Reiner uses a similar smart girl/comic guy dynamic, but for him it’s an excuse for sneering rather than sympathy. Allison’s intelligence and focus are a constant cause for scorn; even her writing teacher tells her she needs to “live life to the fullest” — i.e., drink more beer and fuck more often. Walt, meanwhile, is given a completely standar-issue fascination with the stars to show that beneath the shallow, callous, frat boy alcoholic there lurk depths. Despite heroic efforts by Cusack and Zuniga, neither of their characters is remotely likable nor, for that matter, even provisionally believable. They fill the space labeled, “romantic lead here”, spouting more or less funny one-liners and/or engaging in cringe-worthy set-pieces, as the script moves them.

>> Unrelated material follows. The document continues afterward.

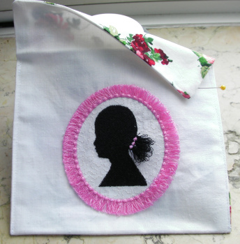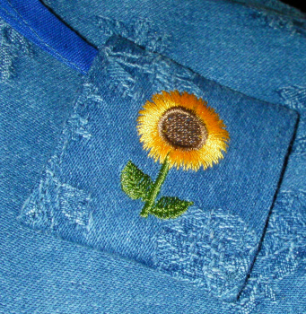 mit einer Negativ-Applikation und Fransenblümchen. Negativ-Applikation = die Applikation liegt unter dem Trägerstoff und nicht obenauf. | ||

With the rise of reality television, I guess everybody now is more or less aware that people love to watch each other suffer extremes of humiliation. I don’t think folks usually connect those paroxysms of delightful social contempt with the pleasures of horror (or for that matter action) movie violence and revenge. But to me they don’t seem all that different — except, of course, that, compared to the gore and gouts of blood, the sit-com embarrassment is a lot more visceral.

Nice Guys, Finished

 
In his recent post on Audition, Bert Stabler points out that the film is essentially a rape-revenge genre story. And yet, something isn’t quite right. Normally, we should experience the humiliation (and the sadistic pleasure) of the rape first, and then experiencing the sadistic pleasure (and the humiliation) of the revenge. That is the the inevitable, brutal, giddy fulcrum of narrative works. Conflict/resolution; crime/justice; brutality/counter-brutality; rape-revenge. It is the engine of plot stripped down to a crude, pointed bone.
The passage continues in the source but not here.